An old Scot lay on his death bed, and his family called for their local minister. As the minister entered the room and sat down in a chair next to the bed, he noticed another chair that was pulled up right alongside the bed’s opposite side. The dying man noticed the minister’s puzzlement about the other chair and began to explain. “Pastor,” he said, “many years ago I found it very difficult to pray. So one day I talked to our previous pastor about the problem and he advised me to place an empty chair opposite me, imagine that Jesus was sitting in that chair, and then talk with Him as I would a friend. I found that praying that way worked for me and I’ve been doing it ever since.”
A few days later the Scot’s daughter called the minister and informed him that her father had passed away. She said, “I wasn’t expecting him to die when he did. I had just gone to my room to lie down to get a couple hours sleep. I thought it would be alright because he seemed to be sleeping so comfortably. But when I checked on him after my nap I found him dead. The only difference between when I left him and when I found him was the fact that his hand was now placed on the empty chair beside his bed. Isn’t that strange?” The minister couldn’t help but give a little smile as he answered, “No, it’s not so strange. I understand.”
That story reminds me of one I’ve read about Genesis 5:21-24, the passage that tells us that God “took” Enoch. Verse 24 of that passage says:
Enoch walked with God; then he was no more, because God took him away. (N.I.V.)

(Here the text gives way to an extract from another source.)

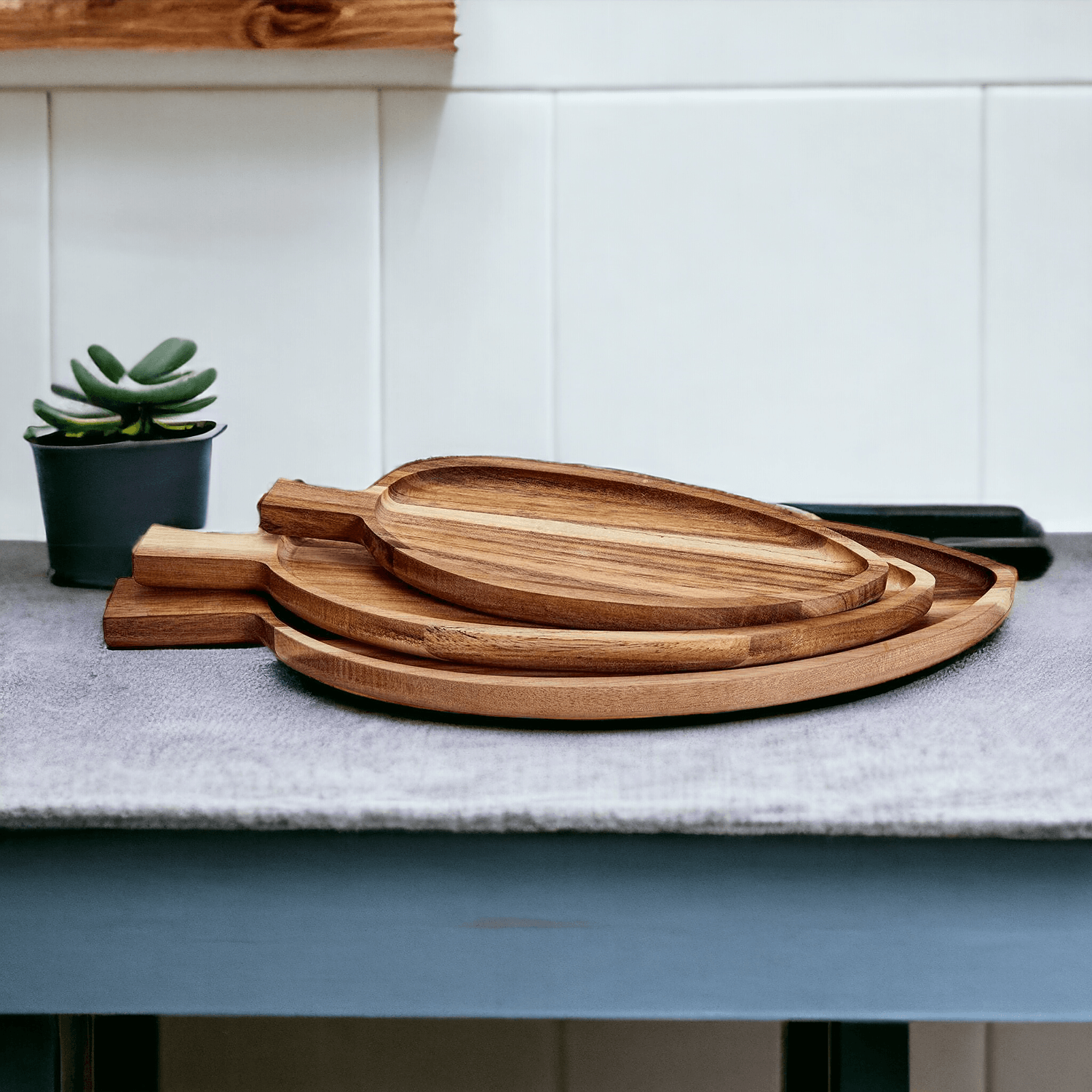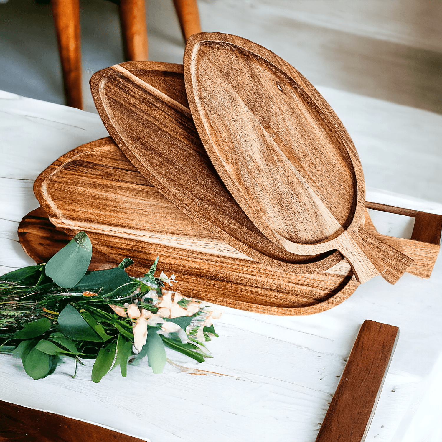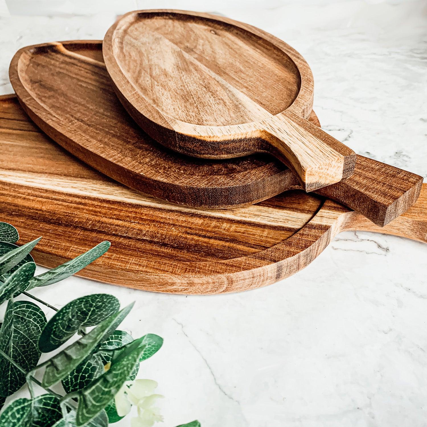ACACIA WOOD SERVING LEAF TRAYS
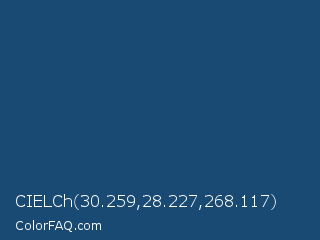 CIELCh 30.259,28.227,268.117 Color is a dark blue color and the nearest color is Chathams Blue #175579. Hex code #194a73 and RGB value is rgb(25,74,115). In RGB color space, this color is composed of 10% red, 29% green, 45% blue, In CMYK color space, this color is composed of 78% cyan, 36% magenta, 0% yellow , 55% black , In HSL color space, this color has a hue angle of 207° , 64% saturation and 27% lightness.

As the story goes, each day God would come to Enoch in the morning and say, “Enoch, let’s walk together today.” Enoch would agree, and he and God would spend the whole day walking together. Every day they would walk a little further than they had the previous day and then return to Enoch’s house. But eventually there came a day when God said, “Enoch, we’ve walked so far today that we are actually closer to my house. So let’s just go on there this time.” Yes, I know, technically Enoch didn’t die. But it’s still a beautiful way to think about how the believer transitions to the afterlife.